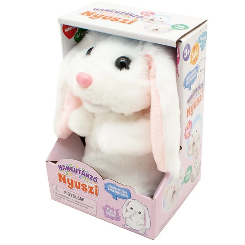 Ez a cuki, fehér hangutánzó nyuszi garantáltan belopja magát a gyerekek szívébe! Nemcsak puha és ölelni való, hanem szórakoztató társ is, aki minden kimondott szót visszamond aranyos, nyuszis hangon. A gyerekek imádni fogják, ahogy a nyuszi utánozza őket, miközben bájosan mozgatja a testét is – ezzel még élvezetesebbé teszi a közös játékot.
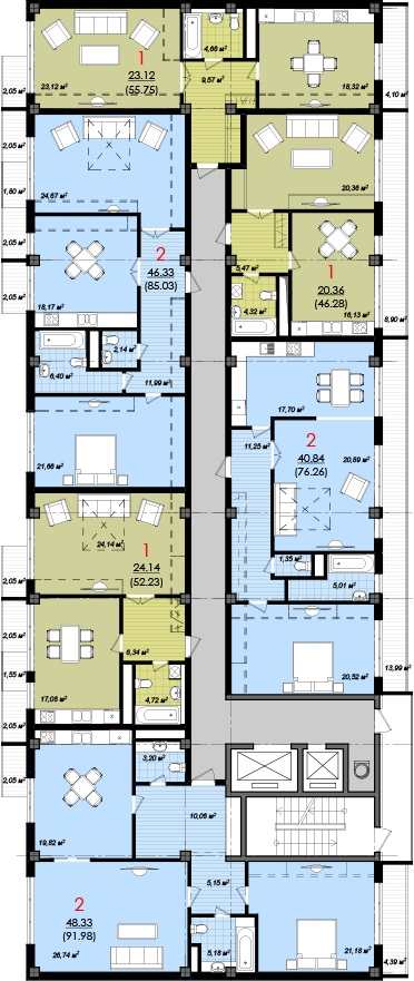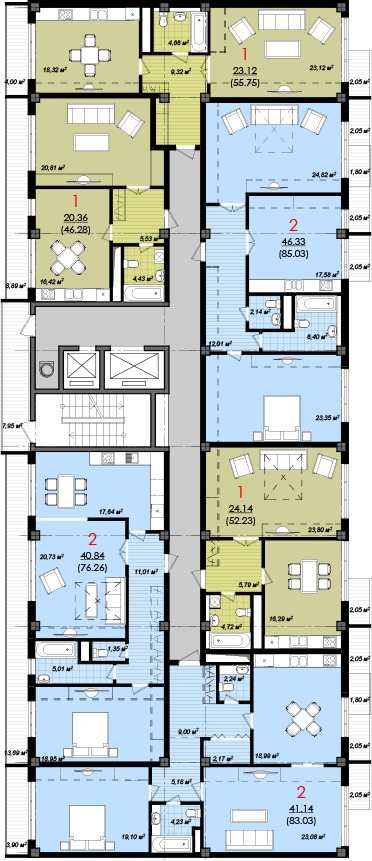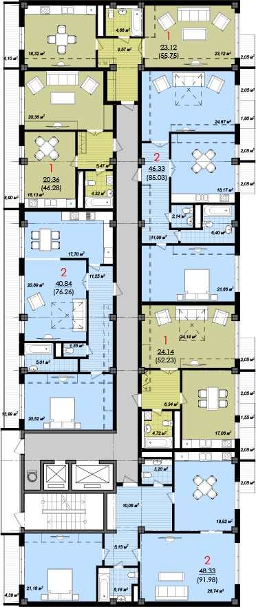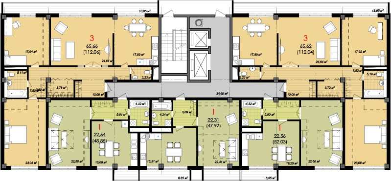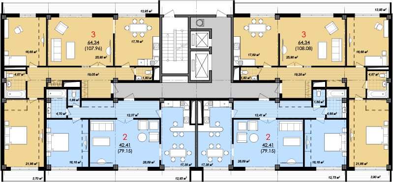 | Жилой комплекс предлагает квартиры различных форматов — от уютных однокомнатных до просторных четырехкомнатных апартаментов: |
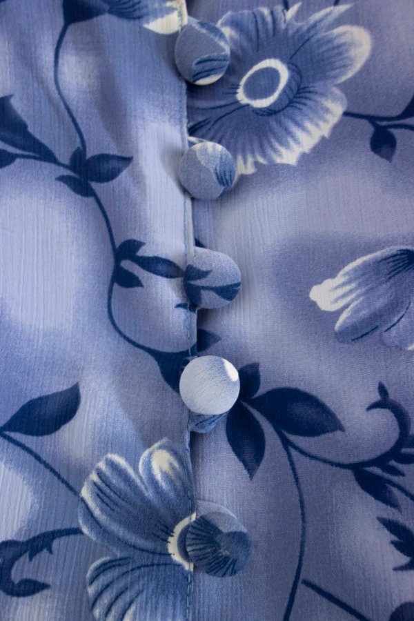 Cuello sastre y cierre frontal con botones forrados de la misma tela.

____________________

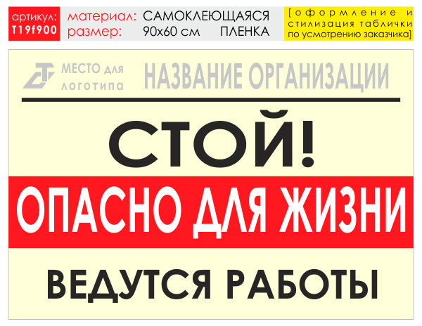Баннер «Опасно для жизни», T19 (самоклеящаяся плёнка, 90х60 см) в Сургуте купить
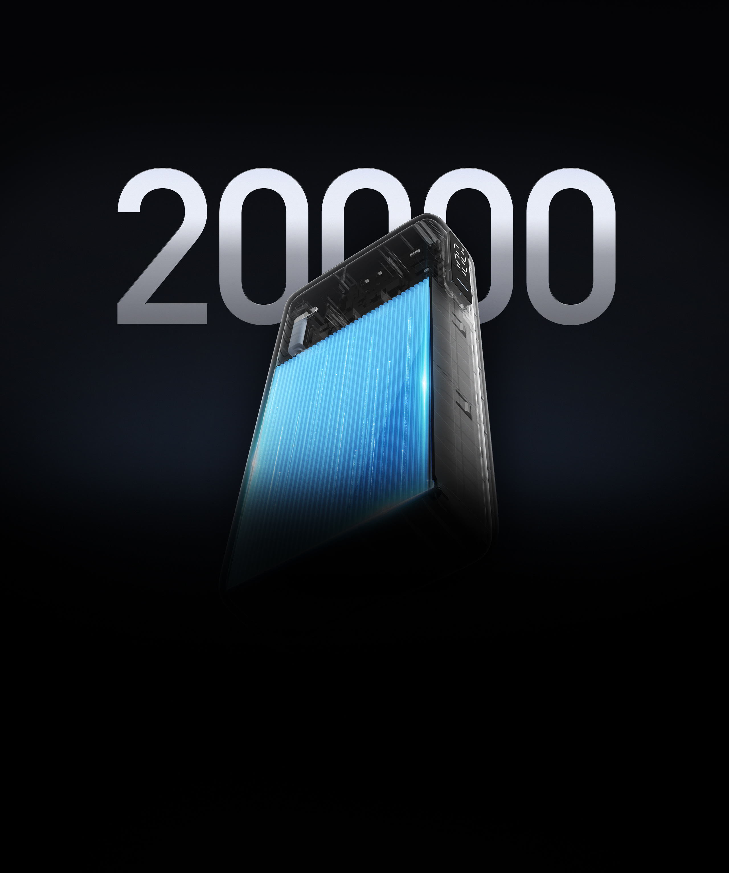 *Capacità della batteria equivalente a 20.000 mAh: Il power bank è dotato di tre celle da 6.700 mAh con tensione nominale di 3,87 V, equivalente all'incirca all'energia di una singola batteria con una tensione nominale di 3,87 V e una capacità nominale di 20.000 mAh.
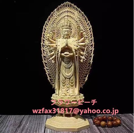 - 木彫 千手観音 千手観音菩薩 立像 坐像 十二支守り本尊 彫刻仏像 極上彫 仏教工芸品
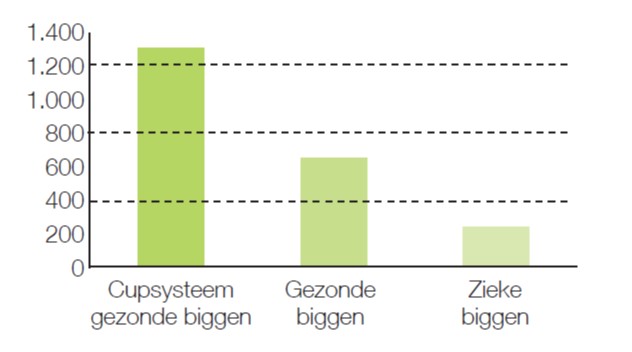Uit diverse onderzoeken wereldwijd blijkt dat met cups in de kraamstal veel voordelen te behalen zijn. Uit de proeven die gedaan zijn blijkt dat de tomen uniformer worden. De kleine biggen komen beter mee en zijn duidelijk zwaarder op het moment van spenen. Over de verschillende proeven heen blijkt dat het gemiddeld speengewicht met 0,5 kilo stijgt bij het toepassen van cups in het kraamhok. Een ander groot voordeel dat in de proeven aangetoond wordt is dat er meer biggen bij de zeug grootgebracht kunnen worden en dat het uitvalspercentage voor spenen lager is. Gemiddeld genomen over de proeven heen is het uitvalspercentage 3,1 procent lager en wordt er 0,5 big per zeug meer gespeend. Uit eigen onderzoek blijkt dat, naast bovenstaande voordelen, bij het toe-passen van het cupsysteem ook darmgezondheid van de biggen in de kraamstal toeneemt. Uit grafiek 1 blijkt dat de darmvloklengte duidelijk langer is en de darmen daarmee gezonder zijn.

____________________

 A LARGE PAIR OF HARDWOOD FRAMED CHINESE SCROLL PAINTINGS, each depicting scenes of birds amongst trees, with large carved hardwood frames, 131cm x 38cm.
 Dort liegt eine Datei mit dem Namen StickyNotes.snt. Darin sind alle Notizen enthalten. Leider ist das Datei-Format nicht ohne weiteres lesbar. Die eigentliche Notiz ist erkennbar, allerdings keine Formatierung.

____________________

__The task__:
Copy nothing but the lines above from the one with "Ez a cuki, fehér" to the one with "Cuello sastre y", inclusive, word for word. Leave every picture out.

__Reply__:
 Ez a cuki, fehér hangutánzó nyuszi garantáltan belopja magát a gyerekek szívébe! Nemcsak puha és ölelni való, hanem szórakoztató társ is, aki minden kimondott szót visszamond aranyos, nyuszis hangon. A gyerekek imádni fogják, ahogy a nyuszi utánozza őket, miközben bájosan mozgatja a testét is – ezzel még élvezetesebbé teszi a közös játékot.
 | Жилой комплекс предлагает квартиры различных форматов — от уютных однокомнатных до просторных четырехкомнатных апартаментов: |
 Cuello sastre y cierre frontal con botones forrados de la misma tela.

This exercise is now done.